Danger
Nothing here should be used for any security purposes.
Usage#
This document walks through a concrete example. It assumes that you have obtained the wcyheproof data as discussed in Obtaining the Wycheproof data, and that you have at least glanced the data overview section.
Structure of use#
The structure of one way to use this module might look something like
from toy_crypto import wycheproof
# import ... # the modules with the things you will be testing
# WP_ROOT: Path = ... # a pathlib.Path for the root wycheproof directory
loader = wycheproof.Loader(WP_ROOT) # This only needs to be done once
...
# Get test data from one of the data files
test_data = loader.load("SOME_WYCHEPROOF_DATA_FILE_test.json")
... # May wish to get some information from test_data
# for loggging or reporting.
for group in test.groups:
... # Per TestGroup setup
for test in group.tests:
... # set up for specific test
... # perform computation with thing you are testing
... # Check that your results meet expectations
For the example below, we will step through parts of that, but will sometimes need to use a different flow so that each of the parts actually runs when constructing this document.
An example#
We will be testing RSA decryption from PyCryptodome
against the Wycheproof OAEP test data for 2048-bit keys with SHA1 as the
hash algorithm and MGF1SHA1 as the mask generation function.
The data file for those tests is in
testvectors_v1/rsa_oaep_2048_sha1_mgf1sha1_test.json
relative to WP_ROOT.
In what follows, we assume that you have already set up WP_ROOT
as a pathlib.Path
with the appropriate file system location.
See Obtaining the Wycheproof data for discussion of ways to do that.
Set up loader#
This assumes that you have already set up WP_ROOT
(or whatever you wish to call it)
as a pathlib.Path
with the appropriate file system location
as discussed Obtaining the Wycheproof data.
To be able to load a wycheproof JSON data file a loader must first be set up.
The Loader`
you create will not only know where the data files are,
but it will have internal mechanisms set up for constructing the schemata
used for validating the loaded JSON.
from pathlib import Path
from toy_crypto import wycheproof
# These imports include the function we will be testing
from Crypto.PublicKey import RSA
from Crypto.Cipher import PKCS1_OAEP
# WP_ROOT: Path = ... # set up elsewhere
loader = wycheproof.Loader(WP_ROOT)
Loading the test data#
Now what we have loader
, we can use it
to load Wycheproof data.
The data is loaded using Loader.load()
.
The loaded TestData
instance is not the
raw result of loading JSON, but many of its internals
still reflect its origins.
test_data = loader.load("rsa_oaep_2048_sha1_mgf1sha1_test.json")
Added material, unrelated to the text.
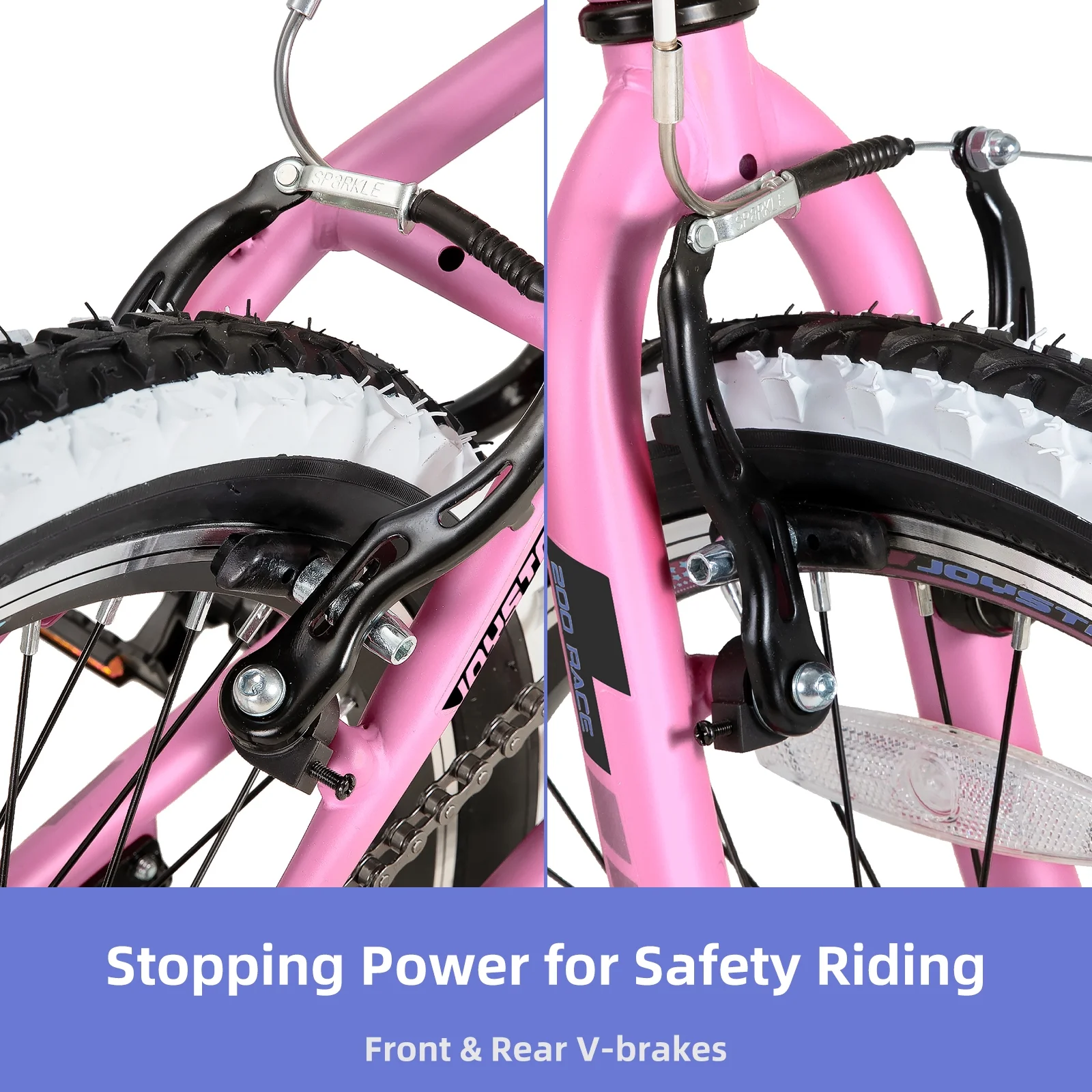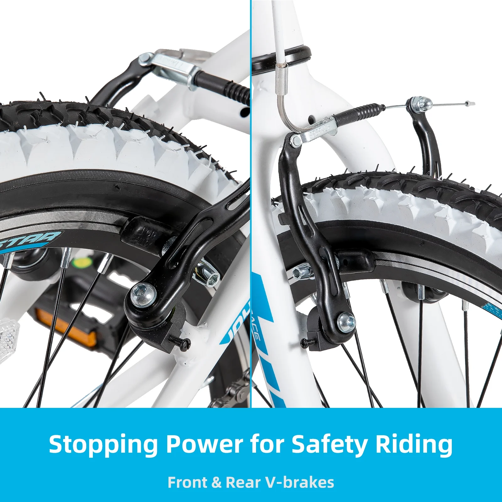 - Safer Riding! Equipped with front and rear V brakes and handbrakes for stopping power. Includes wide 2.125" pneumatic tires, padded comfort saddle, non-slip resin pedals, front and rear reflectors, and a kickstand for added safety and convenience.

assert test_data.header == "Test vectors of type RsaOeapDecrypt check decryption with OAEP."
If for some reason the JSON does not validate against the expected schema,
warnings will be logged at the
logging.WARNING
level.
For each TestGroup
#
Test cases are organized into test groups within the raw data.
See Data overview for more information about
what kinds of things are typically found in test groups.
TestData.groups
returns an
Iterator of TestGroups
.
In the case of this test data each
TestGroup
specifies
the parameters needed to construct a private RSA key
that is to be used for all tests in the group.
The private key is offered in several formats.
In this example,
I will use the Crypto.PublicKey.RSA.import_key()
method
to get the key information from the PEM format.
for group in test_data.groups:
pem = group.other_data["privateKeyPem"]
sk = RSA.import_key(pem)
## Let's do some sanity checks on the private keys
assert sk.size_in_bits() == 2048
assert sk.has_private()
Each group also has the parameters used for our RSA decryption. These are the same for all test groups in this particular data set. So let’s just do a sanity check on this just for demonstration purposes.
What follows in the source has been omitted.